銅版画「ちょんこづいていた頃」 自伝によると、本作品で女子美術大学優秀作品賞。長野の方言、ちょんこづく(調子に乗る)は、そういえばわたしも子どもの頃、年配者からよく聞いた(主に否定形で使われる)

 自伝には「私は、自分の内側から神獣たちのイメージを作り出しているわけではない。第三の目と魂で感じる神獣を、ありのままに表現している」(p135)とある。

「天地の守護獣~天地」 小松氏の「狛犬」は2015年、大英博物館に永久展示されている。

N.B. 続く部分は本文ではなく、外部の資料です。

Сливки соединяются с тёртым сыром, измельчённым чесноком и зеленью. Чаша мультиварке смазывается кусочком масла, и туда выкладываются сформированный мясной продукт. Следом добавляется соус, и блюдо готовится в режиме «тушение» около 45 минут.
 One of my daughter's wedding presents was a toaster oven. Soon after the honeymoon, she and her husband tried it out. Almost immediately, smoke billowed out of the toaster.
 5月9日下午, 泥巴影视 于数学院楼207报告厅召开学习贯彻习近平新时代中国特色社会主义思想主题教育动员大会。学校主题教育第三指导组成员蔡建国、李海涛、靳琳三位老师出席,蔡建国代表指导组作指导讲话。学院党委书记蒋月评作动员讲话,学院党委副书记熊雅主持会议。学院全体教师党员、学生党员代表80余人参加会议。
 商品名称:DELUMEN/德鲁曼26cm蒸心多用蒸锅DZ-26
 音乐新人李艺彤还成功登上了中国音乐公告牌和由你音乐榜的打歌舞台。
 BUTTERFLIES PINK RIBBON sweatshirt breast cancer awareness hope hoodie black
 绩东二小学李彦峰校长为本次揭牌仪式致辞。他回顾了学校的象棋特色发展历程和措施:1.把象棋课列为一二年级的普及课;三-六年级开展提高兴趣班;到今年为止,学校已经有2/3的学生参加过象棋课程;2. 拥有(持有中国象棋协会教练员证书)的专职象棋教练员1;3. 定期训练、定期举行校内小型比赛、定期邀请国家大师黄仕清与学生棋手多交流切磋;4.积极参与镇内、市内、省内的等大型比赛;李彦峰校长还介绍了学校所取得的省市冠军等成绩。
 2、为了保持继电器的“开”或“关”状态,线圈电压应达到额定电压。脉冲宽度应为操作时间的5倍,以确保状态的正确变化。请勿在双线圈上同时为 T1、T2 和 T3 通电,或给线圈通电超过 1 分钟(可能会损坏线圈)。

 同じく自伝には、伊勢神宮の正式参拝とかがり火を観たあとで、かがり火の中に見たものを言葉では表現しきれなくて絵で描いた、というエピソードが。そのときの貴重なスケッチも展示されていた。

展示れているスケッチ。「私が篝火の向こうの闇に見たものは、大きく輝く一対の目だった」(p140)

■見どころ① 出雲大社奉納画《新・風土記》を特別公開

 展覧会ウェブサイトによる本展の見どころのひとつとして、2014年に出雲大社へ奉納した「新・風土記」の特別公開がある。「通常、奉納作品は 一般公開されることはありませんが、作家たっての希望により、今回特別に借用・公開が実現」した。

「新・風土記」(出雲大社 蔵)

■見どころ② 真言宗総本山「東寺」への奉納画を奉納前に特別公開

 表装後2023年に東寺に奉納される、真言宗立教開宗1200年を記念した奉納画「ネクストマンダラ―大調和」が展示。

奉納画「ネクストマンダラ―大調和」 掛軸として表装され来年奉納される。約4m×4mの大作は、会場に置かれたソファにかけてゆっくり鑑賞できる




■すいている時間に、また訪れたい

 結びに、作品と会場のスナップを、順不同で載せておきたい。

「岡本太郎×小松美羽」は、その順番で作品をたっぷりと鑑賞してみると、企画者の意図するところを、自分なりに受け止めることができた。まったく違うものの二本立てでなく、うっすらとつながっているし、受け継がれているもの、なにかプリミティブな、普遍的なもの、を感じることができた。

 そして個人的には、岡本太郎作品の「叱咤激励」モードと、小松美羽作品の、凛とした神聖な世界に浸って、たしかにこれは、新しいスタートを後押ししてくれるものだと納得した。

 川崎市岡本太郎美術館は生田緑地内に位置する。新宿からのアクセスは小田急線で「向ヶ丘遊園」下車、そのあと20分弱、歩くことになる。じつはこの不便さも気に入っていて、小さな旅の気分で通っていた。

 都内美術館のような混みようではなかったものの、初日はやはり少々人が多かった。閉館直前の閑散とした美術館の心地よさには、味を占めてしまっているところがある。開催期間中、時間を外しながら、ぜひともこの豪華なコラボを愉しみ尽くしたいと思う。